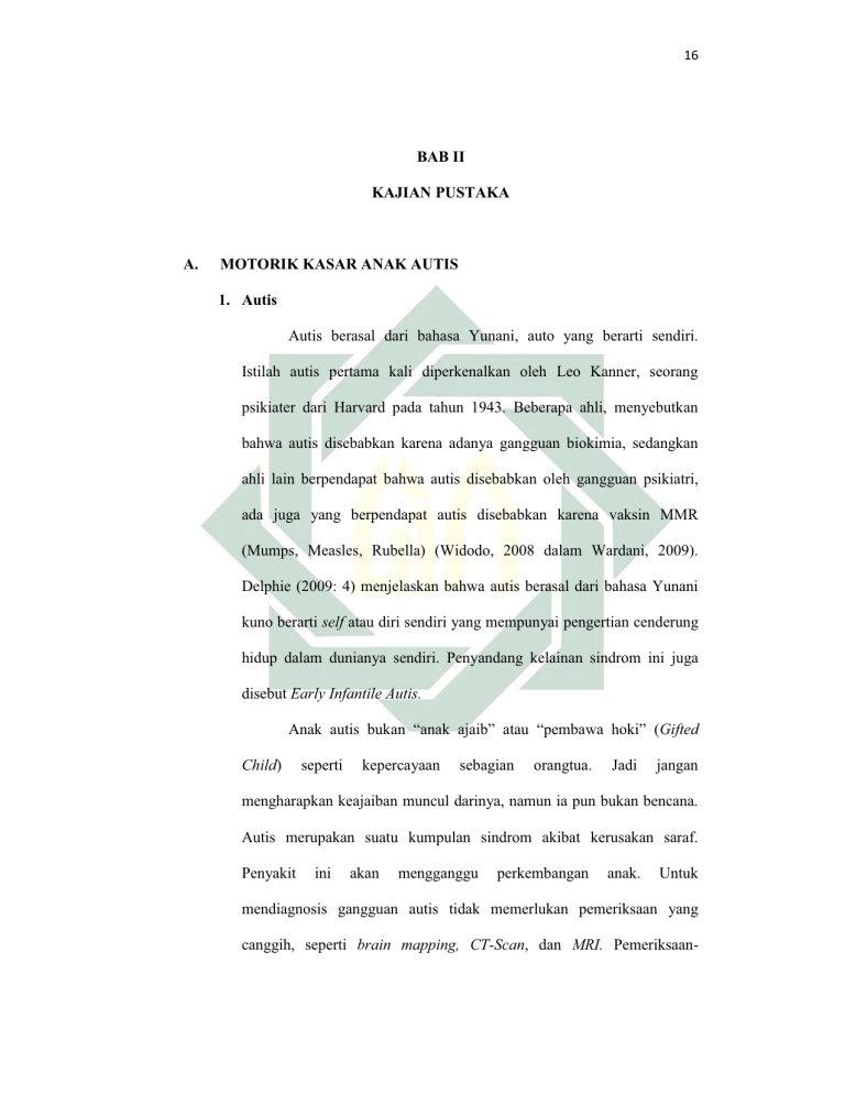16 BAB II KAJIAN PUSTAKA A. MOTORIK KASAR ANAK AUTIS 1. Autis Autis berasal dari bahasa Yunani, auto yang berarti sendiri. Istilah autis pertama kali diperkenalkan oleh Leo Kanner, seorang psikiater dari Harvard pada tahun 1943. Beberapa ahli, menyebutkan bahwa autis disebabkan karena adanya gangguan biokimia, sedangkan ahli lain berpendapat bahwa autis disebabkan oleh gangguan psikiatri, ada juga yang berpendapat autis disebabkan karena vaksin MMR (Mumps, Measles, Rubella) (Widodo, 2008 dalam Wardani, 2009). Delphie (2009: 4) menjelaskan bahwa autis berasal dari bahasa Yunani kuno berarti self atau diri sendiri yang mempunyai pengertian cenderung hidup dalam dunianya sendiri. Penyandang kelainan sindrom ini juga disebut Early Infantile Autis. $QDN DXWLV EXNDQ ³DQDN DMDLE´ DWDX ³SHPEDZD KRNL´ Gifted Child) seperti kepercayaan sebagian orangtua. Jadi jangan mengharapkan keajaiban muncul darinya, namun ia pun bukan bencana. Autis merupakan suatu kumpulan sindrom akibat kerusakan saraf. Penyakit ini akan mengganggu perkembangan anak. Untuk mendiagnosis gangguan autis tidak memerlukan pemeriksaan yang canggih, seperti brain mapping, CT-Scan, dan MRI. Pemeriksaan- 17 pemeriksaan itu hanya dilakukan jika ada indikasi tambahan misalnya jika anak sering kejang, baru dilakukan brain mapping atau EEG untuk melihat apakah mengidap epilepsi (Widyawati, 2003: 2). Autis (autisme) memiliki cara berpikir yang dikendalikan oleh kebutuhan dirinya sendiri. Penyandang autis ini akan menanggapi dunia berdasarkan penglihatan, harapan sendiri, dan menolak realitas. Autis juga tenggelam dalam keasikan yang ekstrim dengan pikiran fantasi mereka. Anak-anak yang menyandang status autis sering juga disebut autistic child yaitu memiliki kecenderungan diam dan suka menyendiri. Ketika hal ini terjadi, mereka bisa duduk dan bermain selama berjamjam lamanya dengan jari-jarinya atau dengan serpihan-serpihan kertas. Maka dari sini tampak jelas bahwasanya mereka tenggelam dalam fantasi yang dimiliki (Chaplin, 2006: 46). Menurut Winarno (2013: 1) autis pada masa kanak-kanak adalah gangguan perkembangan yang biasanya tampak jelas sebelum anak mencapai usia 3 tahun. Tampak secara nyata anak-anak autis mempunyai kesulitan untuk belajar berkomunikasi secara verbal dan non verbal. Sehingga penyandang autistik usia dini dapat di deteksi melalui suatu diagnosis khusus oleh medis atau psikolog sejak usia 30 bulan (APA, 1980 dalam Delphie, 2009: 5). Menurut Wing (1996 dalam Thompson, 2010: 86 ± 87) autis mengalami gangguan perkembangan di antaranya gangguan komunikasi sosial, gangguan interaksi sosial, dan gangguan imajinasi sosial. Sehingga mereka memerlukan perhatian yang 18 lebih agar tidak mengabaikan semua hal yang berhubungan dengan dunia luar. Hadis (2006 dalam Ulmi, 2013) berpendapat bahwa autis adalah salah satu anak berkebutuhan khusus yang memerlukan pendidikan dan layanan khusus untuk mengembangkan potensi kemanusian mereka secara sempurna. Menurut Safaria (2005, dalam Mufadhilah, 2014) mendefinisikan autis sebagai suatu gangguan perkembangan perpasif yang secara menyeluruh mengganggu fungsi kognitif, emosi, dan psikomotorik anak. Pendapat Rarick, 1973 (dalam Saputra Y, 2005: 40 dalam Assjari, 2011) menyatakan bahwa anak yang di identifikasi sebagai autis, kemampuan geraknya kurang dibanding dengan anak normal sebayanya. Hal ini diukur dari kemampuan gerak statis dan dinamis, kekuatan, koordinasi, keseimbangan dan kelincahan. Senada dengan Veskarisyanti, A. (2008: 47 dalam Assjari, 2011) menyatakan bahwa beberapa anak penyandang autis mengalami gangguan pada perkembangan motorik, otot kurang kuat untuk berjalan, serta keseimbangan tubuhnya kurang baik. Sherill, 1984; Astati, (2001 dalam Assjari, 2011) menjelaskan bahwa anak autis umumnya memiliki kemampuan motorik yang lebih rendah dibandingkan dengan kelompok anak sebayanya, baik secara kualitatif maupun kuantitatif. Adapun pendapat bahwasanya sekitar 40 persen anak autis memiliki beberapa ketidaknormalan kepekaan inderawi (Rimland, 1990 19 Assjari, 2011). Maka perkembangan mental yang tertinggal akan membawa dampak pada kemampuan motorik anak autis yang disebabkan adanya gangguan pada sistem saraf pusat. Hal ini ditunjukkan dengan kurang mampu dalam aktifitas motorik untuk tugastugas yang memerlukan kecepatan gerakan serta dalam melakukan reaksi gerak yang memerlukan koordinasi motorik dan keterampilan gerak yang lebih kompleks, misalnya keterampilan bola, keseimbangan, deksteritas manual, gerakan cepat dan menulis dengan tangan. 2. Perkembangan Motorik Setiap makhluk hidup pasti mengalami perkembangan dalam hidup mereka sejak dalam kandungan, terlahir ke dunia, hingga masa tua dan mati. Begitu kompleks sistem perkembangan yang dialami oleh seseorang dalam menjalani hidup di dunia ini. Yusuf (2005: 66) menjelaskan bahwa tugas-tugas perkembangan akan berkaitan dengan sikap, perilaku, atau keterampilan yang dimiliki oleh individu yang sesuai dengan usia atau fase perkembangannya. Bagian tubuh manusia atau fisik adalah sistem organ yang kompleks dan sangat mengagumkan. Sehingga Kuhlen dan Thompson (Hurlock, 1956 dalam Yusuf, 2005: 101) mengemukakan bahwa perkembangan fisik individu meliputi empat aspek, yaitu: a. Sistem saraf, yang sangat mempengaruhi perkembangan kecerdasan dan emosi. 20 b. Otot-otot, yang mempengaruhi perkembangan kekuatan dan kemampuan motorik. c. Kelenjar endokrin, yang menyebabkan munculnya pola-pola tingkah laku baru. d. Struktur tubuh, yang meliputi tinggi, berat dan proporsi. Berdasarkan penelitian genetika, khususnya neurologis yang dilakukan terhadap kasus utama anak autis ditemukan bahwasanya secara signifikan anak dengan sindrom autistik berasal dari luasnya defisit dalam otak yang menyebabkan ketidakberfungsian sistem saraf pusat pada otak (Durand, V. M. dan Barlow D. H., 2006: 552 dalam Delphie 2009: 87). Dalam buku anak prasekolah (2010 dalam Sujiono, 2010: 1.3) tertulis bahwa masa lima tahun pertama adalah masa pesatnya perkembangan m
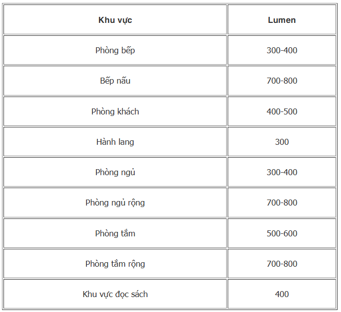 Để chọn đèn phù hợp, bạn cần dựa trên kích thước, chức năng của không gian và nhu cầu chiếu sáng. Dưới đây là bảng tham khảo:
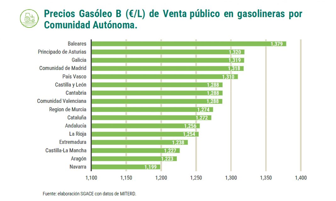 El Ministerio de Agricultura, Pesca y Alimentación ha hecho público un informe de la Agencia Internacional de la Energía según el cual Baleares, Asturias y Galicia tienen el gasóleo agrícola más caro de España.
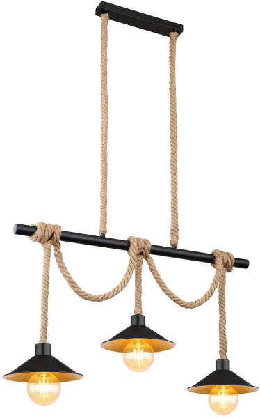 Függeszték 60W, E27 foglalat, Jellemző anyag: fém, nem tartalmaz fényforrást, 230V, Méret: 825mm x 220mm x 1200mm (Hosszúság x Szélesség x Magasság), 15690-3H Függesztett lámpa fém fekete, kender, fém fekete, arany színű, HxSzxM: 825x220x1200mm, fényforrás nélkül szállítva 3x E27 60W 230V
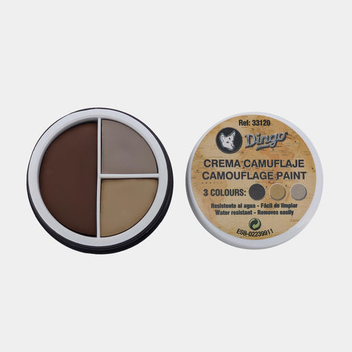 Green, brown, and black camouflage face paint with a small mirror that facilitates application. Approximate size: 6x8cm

○ ○ ○ ○ ○ ○ ○

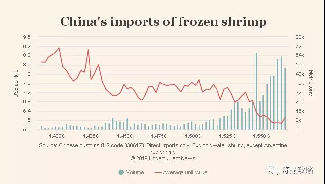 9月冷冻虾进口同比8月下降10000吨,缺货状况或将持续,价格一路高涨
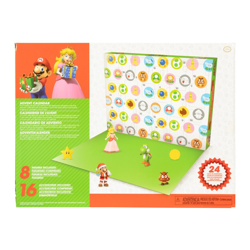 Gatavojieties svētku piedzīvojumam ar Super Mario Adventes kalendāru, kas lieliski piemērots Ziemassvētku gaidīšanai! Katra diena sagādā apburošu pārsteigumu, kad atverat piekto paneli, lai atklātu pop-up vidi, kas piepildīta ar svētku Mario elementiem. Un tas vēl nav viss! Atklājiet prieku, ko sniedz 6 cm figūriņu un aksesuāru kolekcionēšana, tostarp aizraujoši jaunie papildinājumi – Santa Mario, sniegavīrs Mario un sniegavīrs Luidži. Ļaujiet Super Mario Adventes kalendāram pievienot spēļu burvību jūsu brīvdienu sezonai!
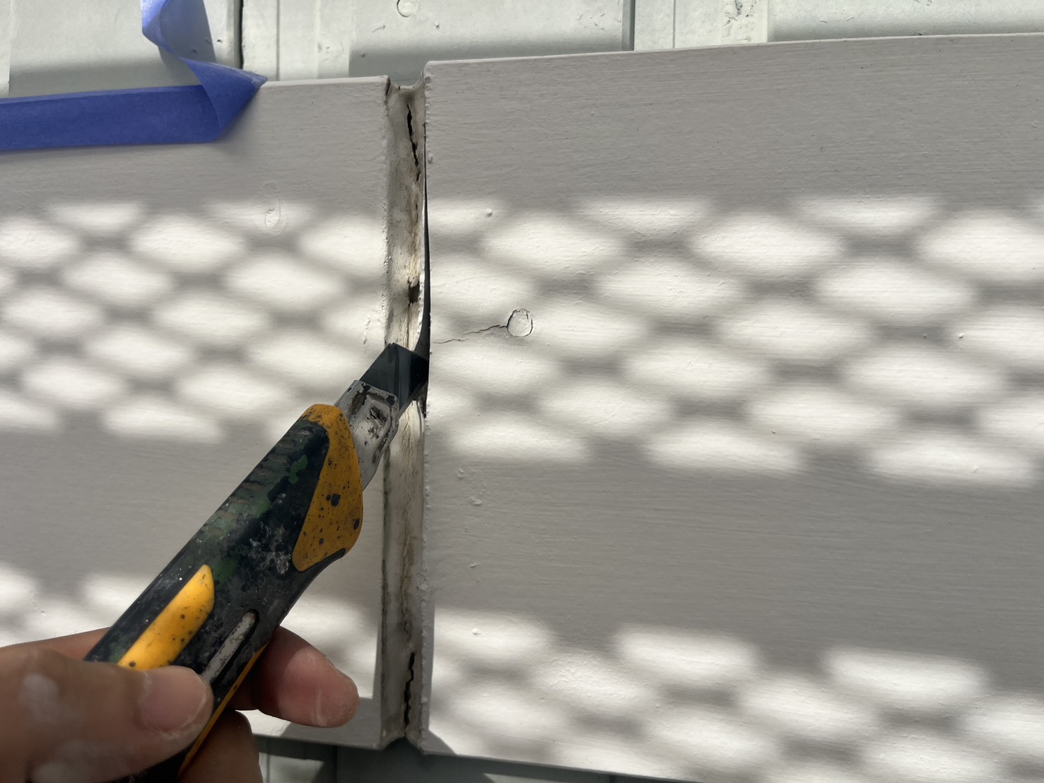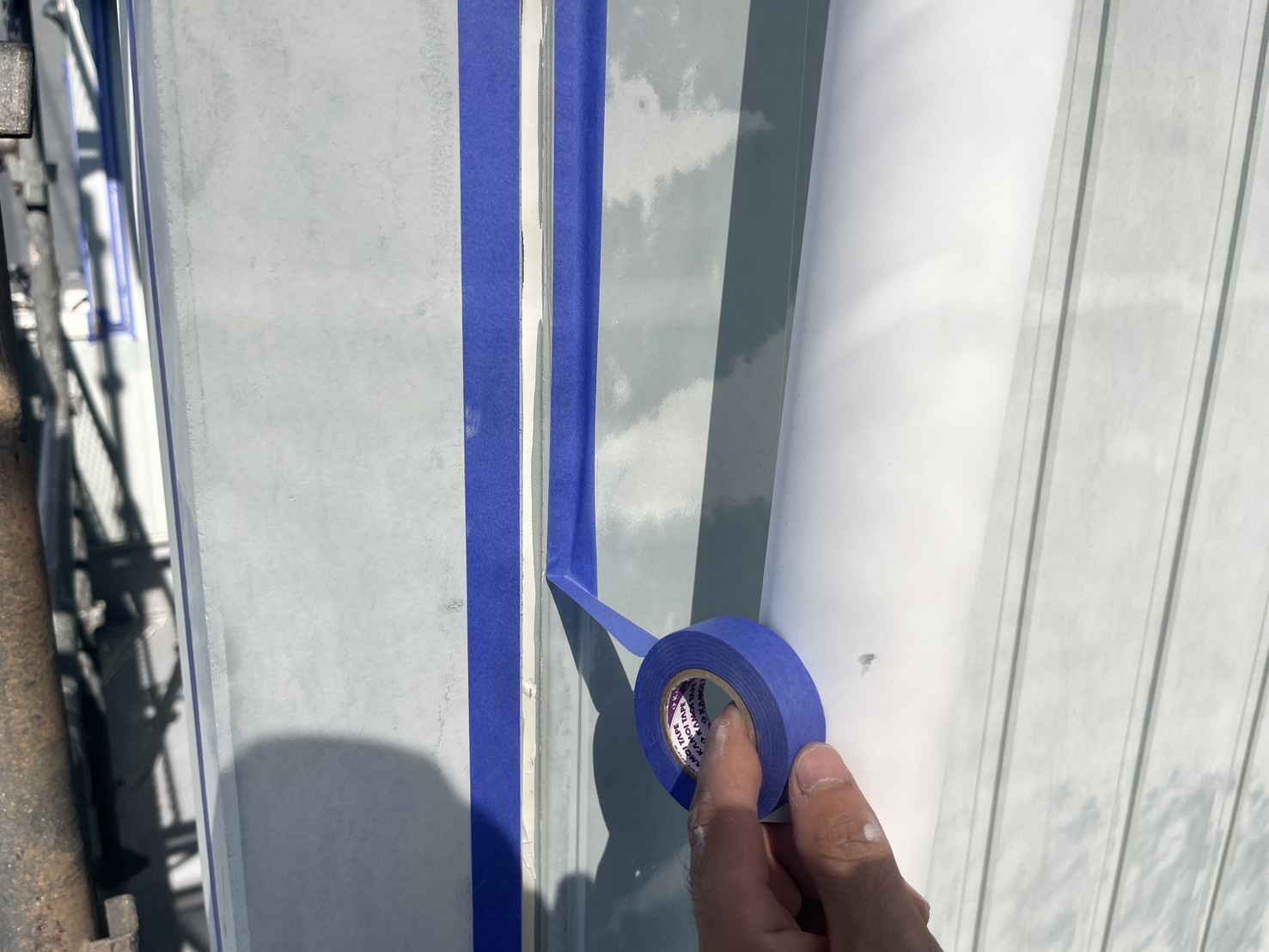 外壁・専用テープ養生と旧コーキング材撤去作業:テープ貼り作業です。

○ ○ ○ ○ ○ ○ ○

What is required >> Print the part of the listing above that opens with the line containing "Gatavojieties svētku piedzīvojumam" and closes with the line containing "外壁・専用テープ養生と旧コーキング材撤去作業:テープ貼り作業です。". Copy it exactly, both ends included, and omit the pictures.

Result for this task >>
 Gatavojieties svētku piedzīvojumam ar Super Mario Adventes kalendāru, kas lieliski piemērots Ziemassvētku gaidīšanai! Katra diena sagādā apburošu pārsteigumu, kad atverat piekto paneli, lai atklātu pop-up vidi, kas piepildīta ar svētku Mario elementiem. Un tas vēl nav viss! Atklājiet prieku, ko sniedz 6 cm figūriņu un aksesuāru kolekcionēšana, tostarp aizraujoši jaunie papildinājumi – Santa Mario, sniegavīrs Mario un sniegavīrs Luidži. Ļaujiet Super Mario Adventes kalendāram pievienot spēļu burvību jūsu brīvdienu sezonai!
 外壁・専用テープ養生と旧コーキング材撤去作業:テープ貼り作業です。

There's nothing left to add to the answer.